• Try it: Reproduce the data exactly as given, except for any images.

Source material START

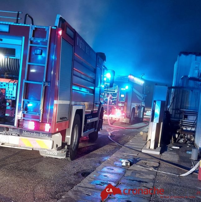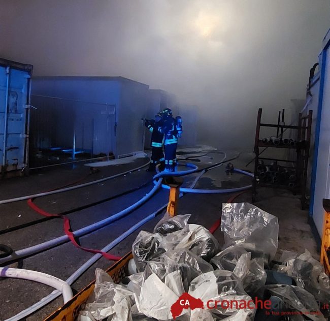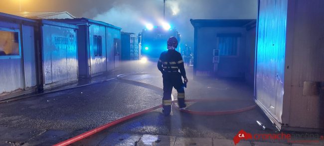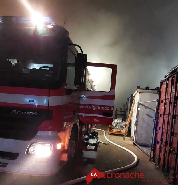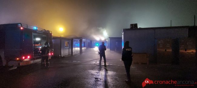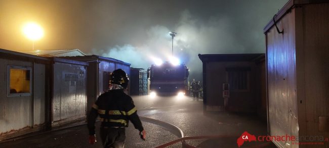 ANCONA - Le fiamme sono divampate nella notte. Sul posto i vigili del fuoco della Centrale e dei distaccamenti Porto, di Osimo e Jesi
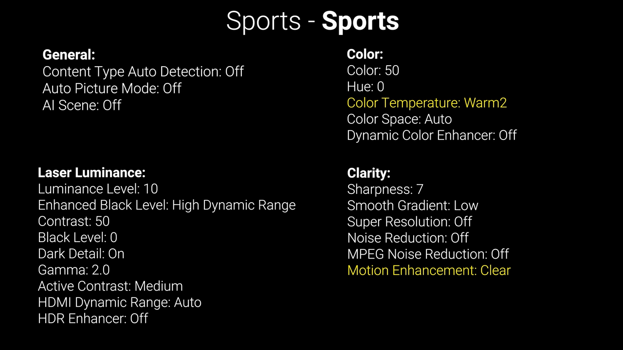 Here are my settings for watching sports in SDR, with the main difference being the color temperature, which I set to the slightly cooler Warm2 white point, and Motion Enhancement, which I set for maximum clarity since cinematic motion blur isn’t something you want to see in a football game.
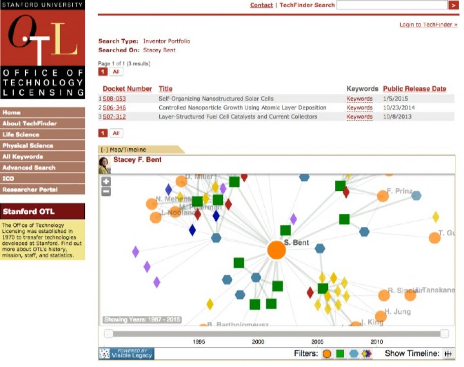 Results. Incorporating Visible Legacy widgets into an existing site such as Stanford OTL TechFinder adds visual presentation of information, enhances site navigation, disambiguates topics, and makes the site more "sticky" by encouraging users to explore related projects and identify additional relevant researchers and innovations.
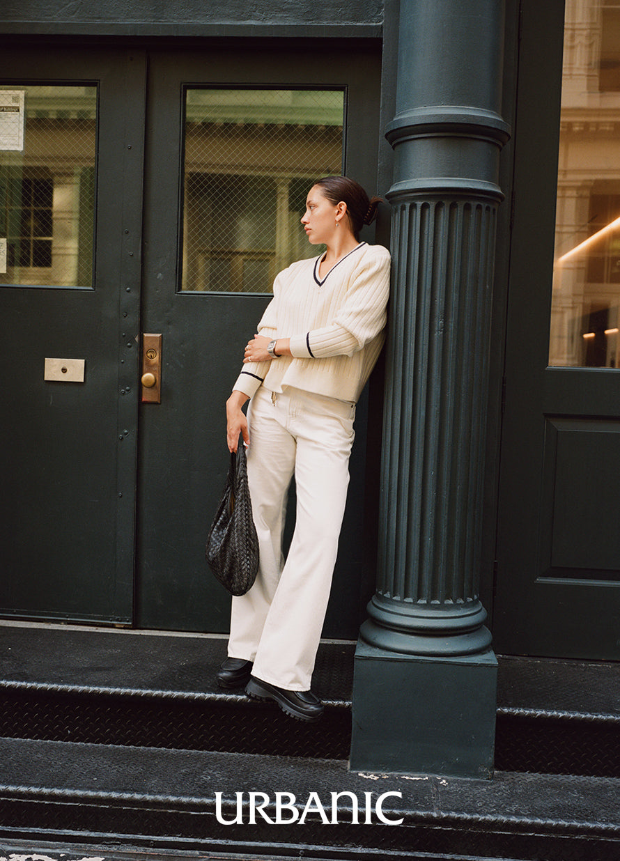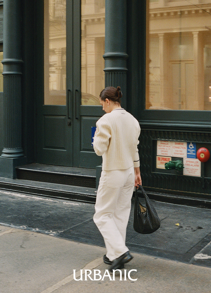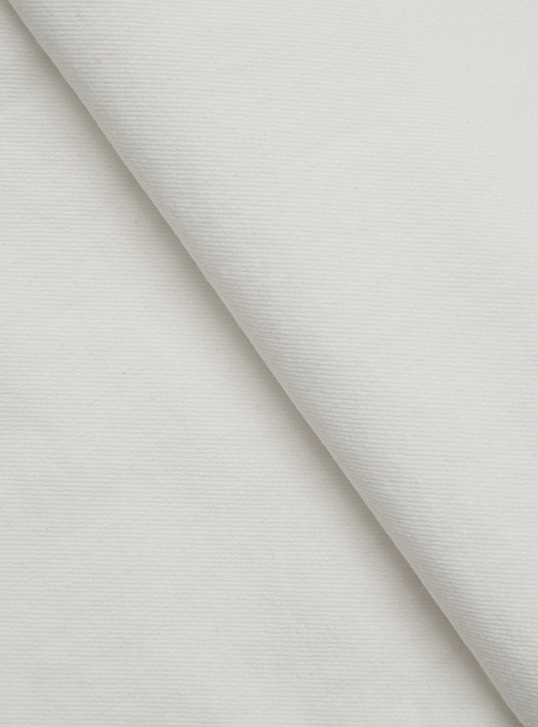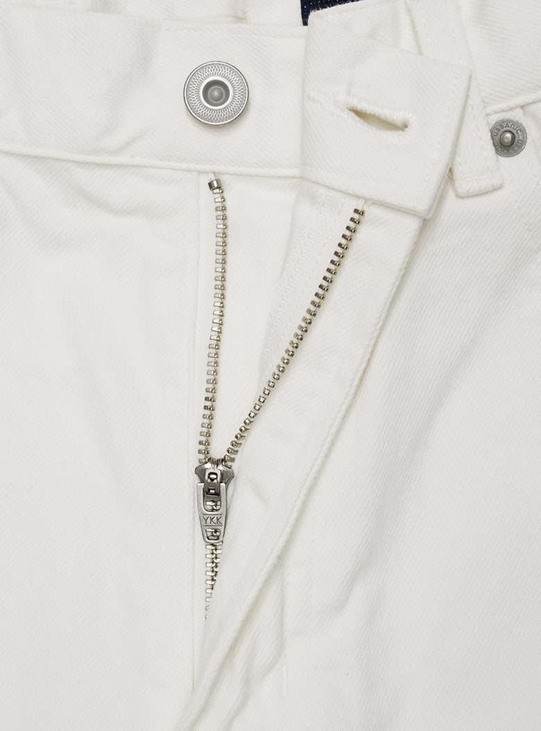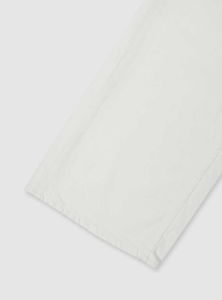These relaxed silhouette cotton denim pants come in an off-white color. They are finished with sturdy and delicate detailing, featuring white stitching in varying thicknesses for added texture and style.

Source material END

• Answer to the problem:
 ANCONA - Le fiamme sono divampate nella notte. Sul posto i vigili del fuoco della Centrale e dei distaccamenti Porto, di Osimo e Jesi
 Here are my settings for watching sports in SDR, with the main difference being the color temperature, which I set to the slightly cooler Warm2 white point, and Motion Enhancement, which I set for maximum clarity since cinematic motion blur isn’t something you want to see in a football game.
 Results. Incorporating Visible Legacy widgets into an existing site such as Stanford OTL TechFinder adds visual presentation of information, enhances site navigation, disambiguates topics, and makes the site more "sticky" by encouraging users to explore related projects and identify additional relevant researchers and innovations.
These relaxed silhouette cotton denim pants come in an off-white color. They are finished with sturdy and delicate detailing, featuring white stitching in varying thicknesses for added texture and style.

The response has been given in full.